Premature Subsetting of Web Fonts


If you thought Web Fonts were pretty nifty, then you're going to think font subsetting is really cool. No, honestly! It is! As I've written about before you can dramatically reduce the size of your Web Fonts by cutting out characters that you don't need.

For example, suppose you don't need to include the русский алфавит - you can immediately drop 66 letters (upper- and lower-case), a whole load of accents, and a bunch of other Cyrillic stuff. That's up to 400 fewer characters - a huge space saving.

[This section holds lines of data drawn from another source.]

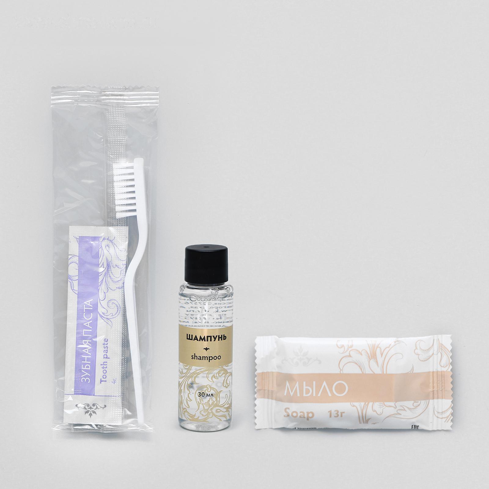 Travel Набор из 3 предметов, Зубной набор, Шампунь в флаконе, Мыло
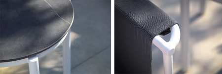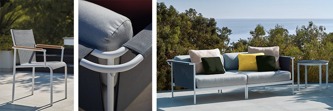 Dizajnérovi sa pri vymýšľaní kolekcie Outline podarilo zdôrazniť grafické, zdanlivo vznášajúce sa ľahké línie, a to pomocou dômyselnej a elegantnej rúrkovej konštrukcie. Použitím súhry dvojitých rúrok v horných partiách mu dokázal dodať komfort lakťovej opierky pri zvýraznení kontúr.<
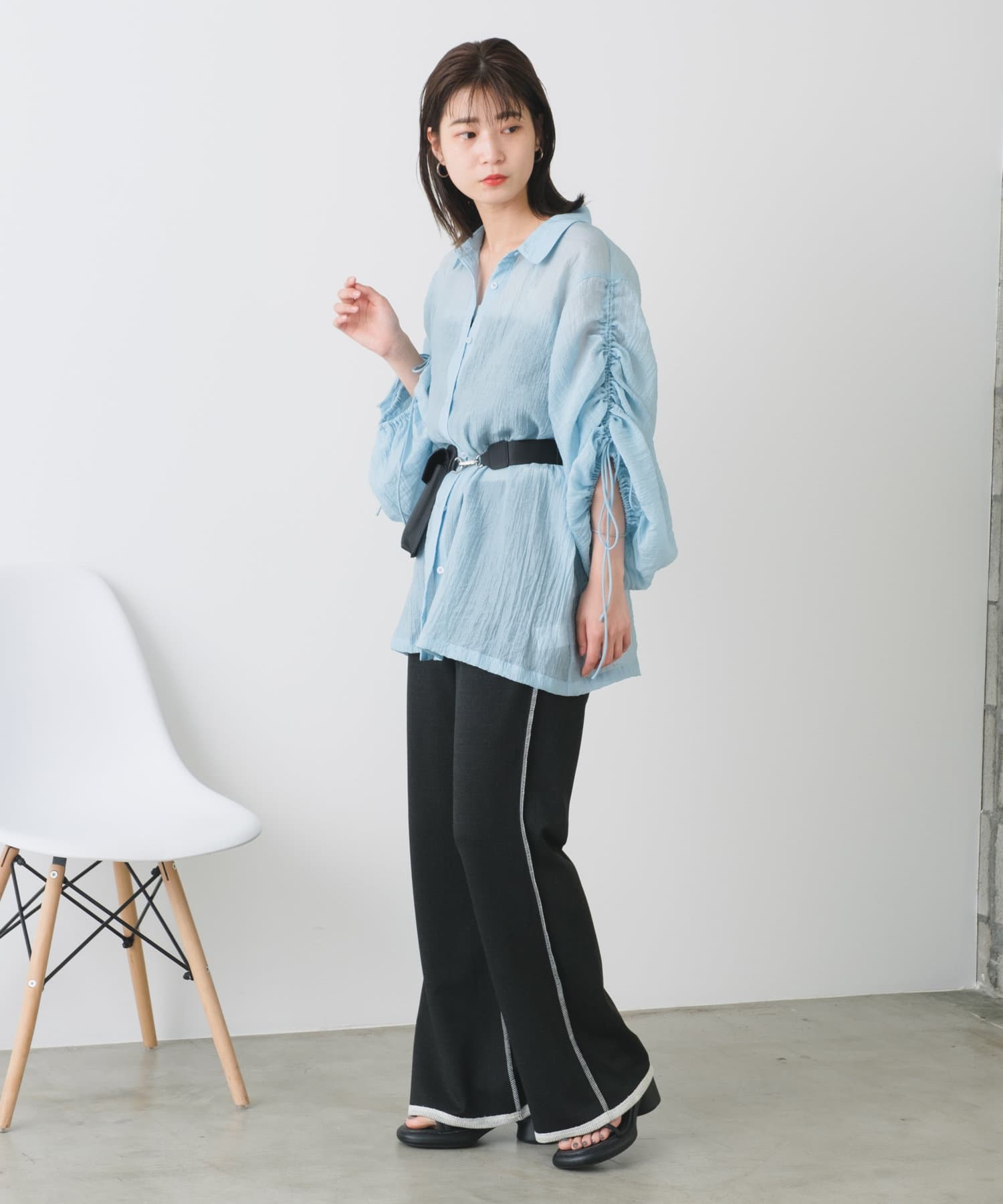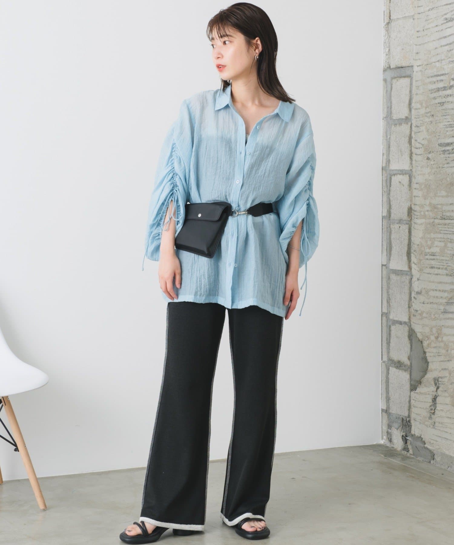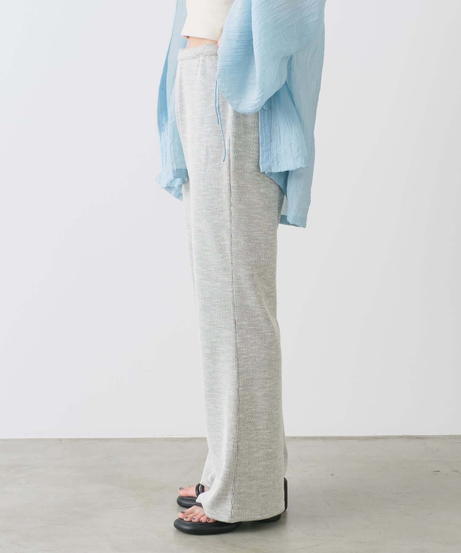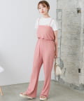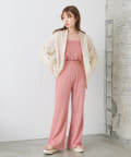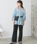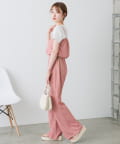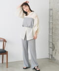 Tシャツなどと合わせて同素材のビスチェとセットアップはもちろん、スリムなパンツなのでトップスは

Here's how the Font Squirrel Webfont Generator handles subsetting: Font Subsetting-fs8

Depending on the font you start with and the characters you anticipate you'll need, you can easily optimize your webfont size more than any Brotli compression could hope to manage.

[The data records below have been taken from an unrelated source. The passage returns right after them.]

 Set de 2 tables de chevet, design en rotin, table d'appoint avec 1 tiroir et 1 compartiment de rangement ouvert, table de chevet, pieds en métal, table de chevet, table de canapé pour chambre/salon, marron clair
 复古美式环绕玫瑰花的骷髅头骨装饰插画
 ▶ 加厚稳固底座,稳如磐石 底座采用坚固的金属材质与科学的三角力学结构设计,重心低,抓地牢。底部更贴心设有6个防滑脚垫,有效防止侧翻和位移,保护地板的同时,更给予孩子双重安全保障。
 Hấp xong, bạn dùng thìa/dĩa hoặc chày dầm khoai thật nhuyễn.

Now, what do all good computer programmers know about Premature Optimization?

So, some clever web designers have realised that they can eke out a few more microseconds of performance if they drop all of the weird characters from their fancy web fonts and stick to good ol' fashioned US-ASCII.

Which has this unfortunate side effect.

Premature Subsetting 2 Premature Subsetting

As you can see from these two examples, there's a designer somewhere wailing and gnashing their teeth at the sight of these abominations. All that hard work - and cost - of choosing the right font ruined, because someone thought they'd drop support for European accents.

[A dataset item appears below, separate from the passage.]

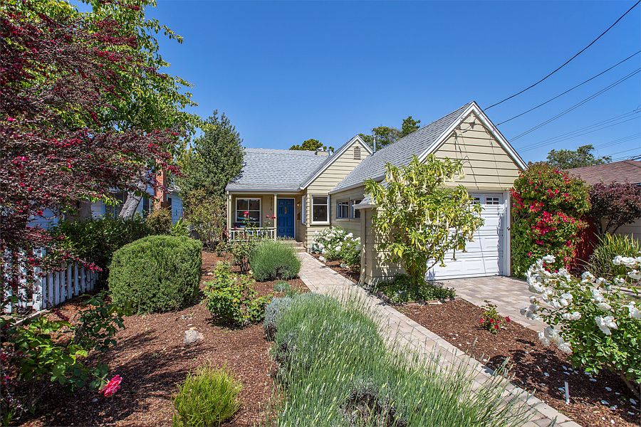 Built in 1939, this gorgeous home features an extensive front yard with custom brick pavers that provide a pathway through the lush garden, full of blooming rose and lavender bushes and drought resistant plantings. The entrance to the house is set back from the street, with a lovely wood framed covered porch and seating area that can easily accommodate a pair of comfy chairs or a bistro table. Originally a 2 bedroom, 1 bathroom, this home has been extended to include a spacious family room facing out to the backyard and 2 more bedrooms plus an additional bathroom upstairs. The home still retains all of the vintage charm that define this era: large divided light windows, detailed crown molding and hardwood floors, plus original hardware on many of the doors and windows.
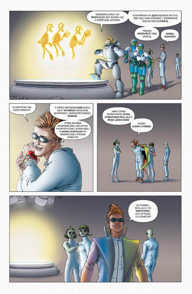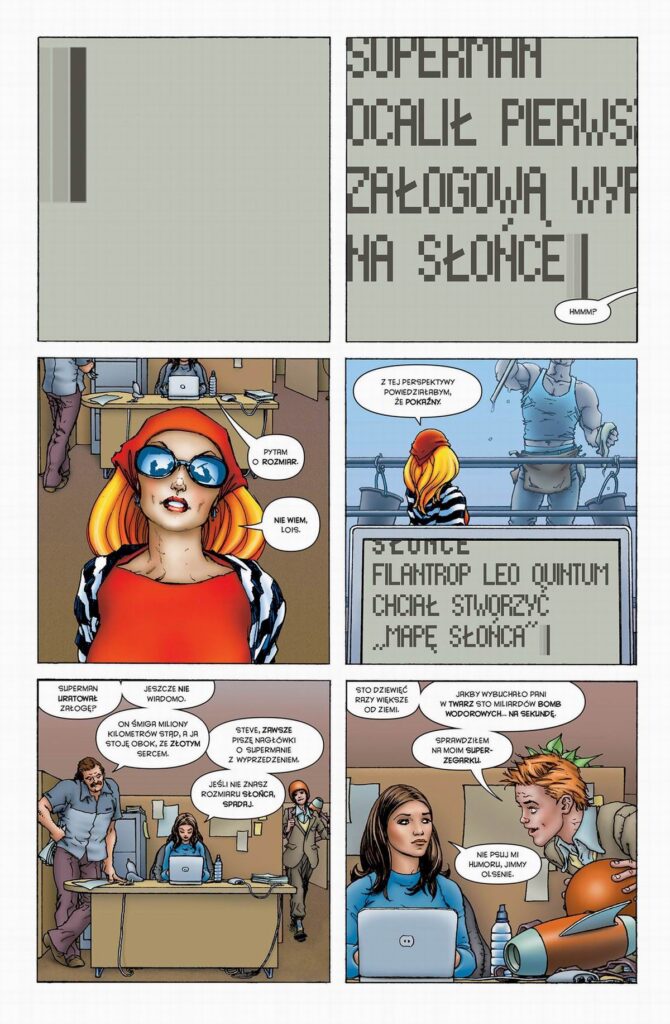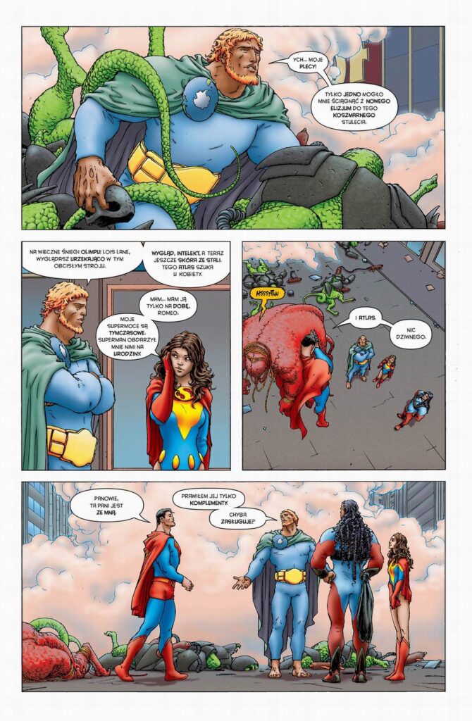 Frank Quitely, znany ze swojego charakterystycznego, nadmiarowego stylu daje na dużych kadrach mnóstwo oddechu i mnóstwo przestrzeni, tak by sylwetka jego zwalistego Supermana nie przysłoniła tych najważniejszych momentów. Razem z Morrisonem buduje opowieść zbudowaną na kontrastach, choćby na kontraście między uroczo gapowatym i rozlazłym Clarkiem Kentem i gotowym na wszystko, posagowym Supermanem. Jednak najważniejszy w tej historii jest świetnie uchwycony kontrast między tym, co reprezentuje Lex Luthor i z przeciwnej strony tytułowy bohater. To zostało również uchwycone w filmie Jamesa Gunna, choć tam Superman jest jeszcze nieopierzony, natomiast w opowieści Morrisona to postać dojrzała i świadoma przede wszystkim swojej odpowiedzialności za całą planetę.

Is this worth it? Let's take a look at the New Athena Unicode font as a good example.

New Athena Unicode is a freeware multilingual font distributed by the American Philological Association. It follows the latest version of the Unicode standard and includes characters for English and Western European languages, polytonic Greek, Coptic, Old Italic, and Demotic Egyptian (and Arabic) transliteration, as well as metrical symbols and other characters used by classical scholars.

The font contains 1825 glyphs - the TTF is 690KB. Once converted into the heavily compressed WOFF2 format, it's 149KB. Using the FontSquirrel subsetter to get just the common English language characters results in a WOFF2 font of 17KB. Tiny!

Ok, that's a pretty decent chunk saved - but at the expense of the most European languages. Adding back in French, German, Italian, Polish, and the Latin set takes the font up to 35KB. Yes, the size has doubled - but I'd argue it's now several times more useful

Be smart. Do you really need extended punctuation like ‰‱′″‴‵‶‷‸‹››※‼‽‾‿⁀⁁⁂⁃⁄⁅⁆⁇⁈⁉⁊⁋⁌⁍⁎⁏⁐⁑⁒⁓⁔⁕⁖⁗⁘⁙⁚⁛⁜?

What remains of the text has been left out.